PREMIER SAUT DE PUCE

Villejuif, douce soirée de fin de mois de septembre, après avoir franchi tant bien que mal la nuée des badauds qui s'attroupaient autour d'un spectacle qu’ils espéraient voir et qu’ils ne le pourront jamais comme ils le savaient malgré tout en raison de la présence de nombreux policiers et du bandeau de périmètre de sécurité installé, le capitaine Norbert Chichko et son adjointe la lieutenante Sezen Deniz, de la Brigade Criminelle, zigzaguaient à travers leurs collègues véritablement affairés de la circonscription du Kremlin-Bicêtre . 

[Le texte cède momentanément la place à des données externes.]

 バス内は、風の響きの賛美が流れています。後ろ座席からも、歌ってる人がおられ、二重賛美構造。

Norbert le chauve et costaud au bouc pointu et Sezen la beauté aux longs cheveux chatains ondulés, jeunes trentenaires, avaient pu entendre de la part de ces badauds toutes les versions possibles et inimaginables alors qu’ils savaient que parmi eux la quasi totalité s'arrogeait être des témoins alors qu’ils ne l’étaient pas, ceci en vue de retenir l'attention sur eux. Ils sourirent intérieurement. Le cirque, comme l’air, l’eau et le pain, était nécessaire à la survie de la condition humaine.

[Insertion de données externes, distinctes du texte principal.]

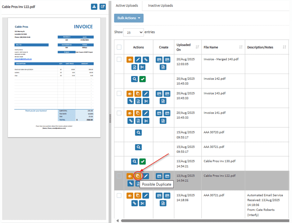 When there’s potential of duplicates, the ‘duplicate icon’ will show in the table as shown above.

Norbert et Sezen arrivèrent enfin à l’endroit désigné par le policier qui les avait guidés depuis leur arrivée même si le regroupement d’incessants flashes de leurs collègues photographes suffisaient à indiquer exactement le lieu. Ils virent enfin le corps allongé dont ils ne voyaient pas le haut car le massif médecin légiste aux cheveux gris, comme son costume, raides et courts, qui l'examinait masquait ce corps. Norbert s’adressa au médecin en lui mettant une main sur une épaule :
-Bonsoir Doc ! … Alors ?

Entre-temps Sezen se mit de l’autre côté du corps et s’arrêta stupéfaite, la bouche bée et les yeux d’une hallucinée. Connaissant quand même très bien sa collègue pour faire équipe depuis bientôt près de trois ans, Norbert se disait que ce qu’elle avait vu devait être exceptionnel pour ainsi la choquer.

Le médecin légiste retourna sa tête ronde bien bonhomme chaussée de fines lunettes en cercles de métal vers Norbert et se leva, son stéthoscope pendant à son cou comme un collier. Il lui répondit sans se départir de son détachement coutumier que lui semblaient permettre ses cinquante ans passés.

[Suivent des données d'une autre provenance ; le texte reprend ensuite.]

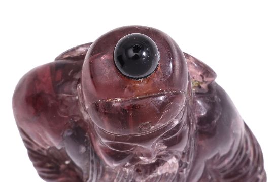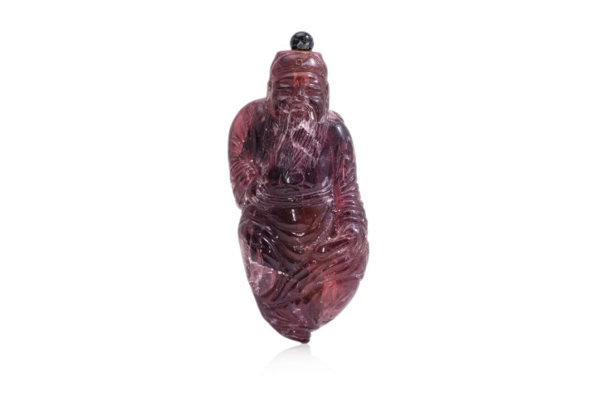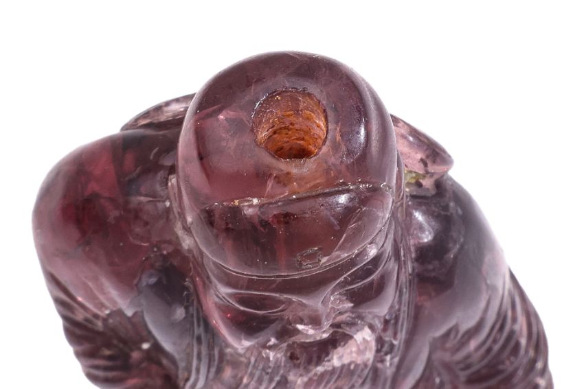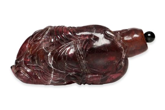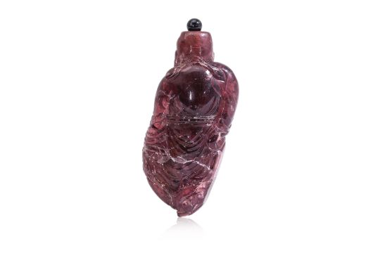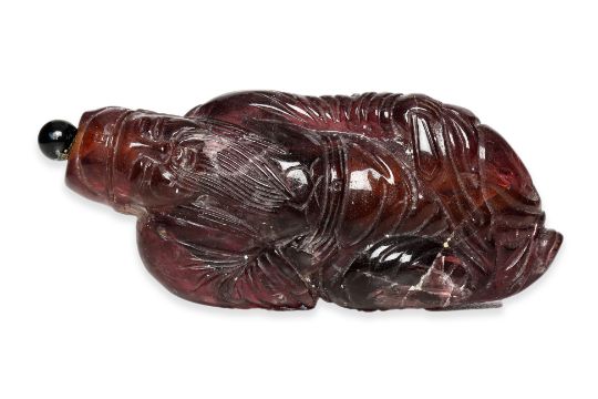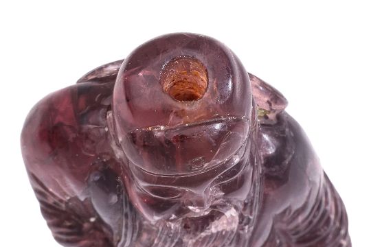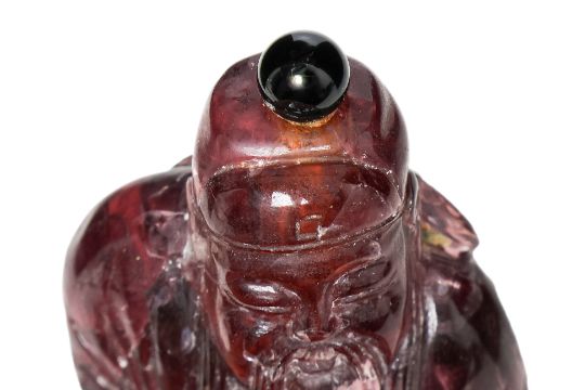 A FIGURAL AMETHYST-COLOURED GLASS SNUFF BOTTLE

-Il a dû avoir plus de peur que de mal ! Il n'a pas souffert !

Norbert circula de ses yeux le corps à partir des pieds, mais arrivés au niveau des épaules, il dut prolonger son regard un peu plus haut afin de l’arrêter sur la tête aux épaisses bouclettes brunes qui a été tout simplement tranchée. Cinquante bons centimètres séparèrent ces deux morceaux de choix qui avaient besoin d’être ensemble pour fonctionner correctement. La mare de sang qui commençait à sécher entre ces deux morceaux essayait de donner un aspect d’unicité. Le spectacle était saisissant.

Norbert et Sezen devinèrent rapidement qu'il ne s'est probablement déroulé aucune violence hormis l'acte amenant à la mort.

A cet instant, Norbert trouvait même plus intéressant de savoir avec quelle arme le mort a été décapité plutôt que de découvrir le meurtrier même si les impôts versés par le contribuable lui demandaient plutôt de s'atteler à cette dernière tâche.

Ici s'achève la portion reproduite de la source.